** COLLECTED MATERIAL **
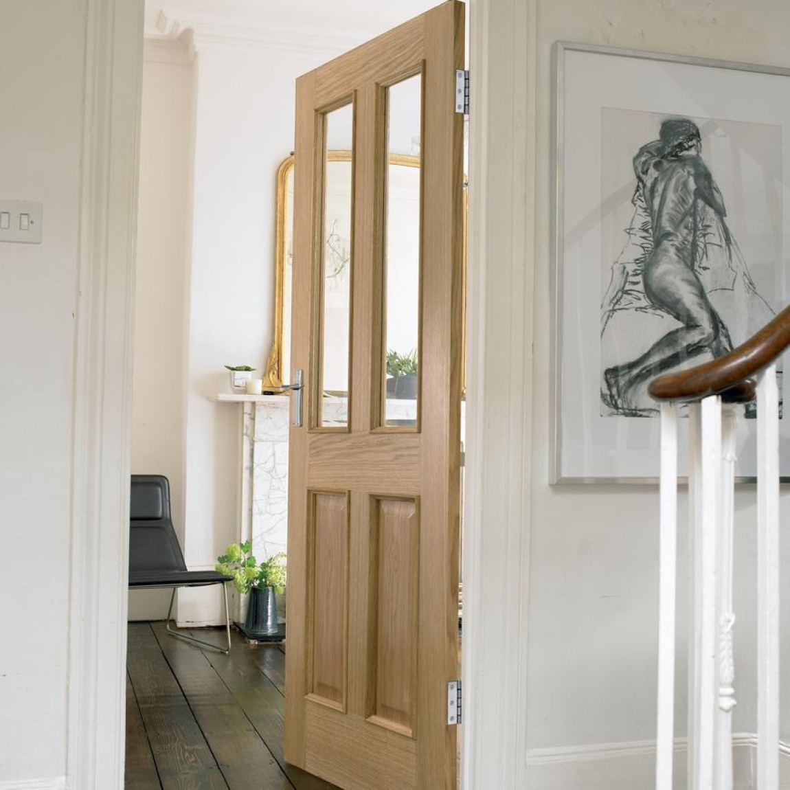Our four-panel glazed doors offer the timeless elegance of oak tones, featuring two large bevelled glass windows that brighten and open up any space. The clear glass is pre-installed for your convenience, allowing for a quick and easy fitting. Finish the doors with varnish or stain to enhance the natural beauty of the wood and ensure it stays looking its best for years to come.
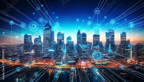 © StockTopia, Fototapeta premium Abstract City Skyline with Skyscrapers Overlaid by Blockchain Data Chains and Glowing Icons
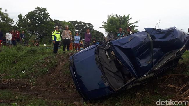 Mitsubishi Kuda bernopol AE 1693 GA tertabrak KA Sancaka relasi Surabaya-Yogyakarta di Ngawi menewaskan 3 orang. Kondisi mobil itu remuk tak berbentuk.
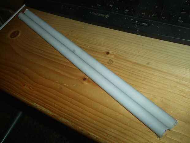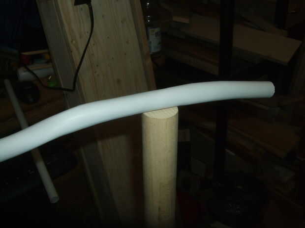 Usar una pistola de aire caliente, entonces suavemente doblado les en la forma, es decir calienta para arriba y trabajó en una espiga grande (como un yunque, pero sin un martillo, la mente) sólo un poco para que no se vería demasiado redondo. Me aseguré de que la barra metálica todavía cabrían al menos a la mitad en uno de los tubos, aunque (o ambos si esa es su elección).

** WHAT THE TASK ASKS **
A verbatim transcript of the material above, with images dropped, is the expected output.

** OUTPUT FOR THIS TASK **
Our four-panel glazed doors offer the timeless elegance of oak tones, featuring two large bevelled glass windows that brighten and open up any space. The clear glass is pre-installed for your convenience, allowing for a quick and easy fitting. Finish the doors with varnish or stain to enhance the natural beauty of the wood and ensure it stays looking its best for years to come.
 © StockTopia, Fototapeta premium Abstract City Skyline with Skyscrapers Overlaid by Blockchain Data Chains and Glowing Icons
 Mitsubishi Kuda bernopol AE 1693 GA tertabrak KA Sancaka relasi Surabaya-Yogyakarta di Ngawi menewaskan 3 orang. Kondisi mobil itu remuk tak berbentuk.
 Usar una pistola de aire caliente, entonces suavemente doblado les en la forma, es decir calienta para arriba y trabajó en una espiga grande (como un yunque, pero sin un martillo, la mente) sólo un poco para que no se vería demasiado redondo. Me aseguré de que la barra metálica todavía cabrían al menos a la mitad en uno de los tubos, aunque (o ambos si esa es su elección).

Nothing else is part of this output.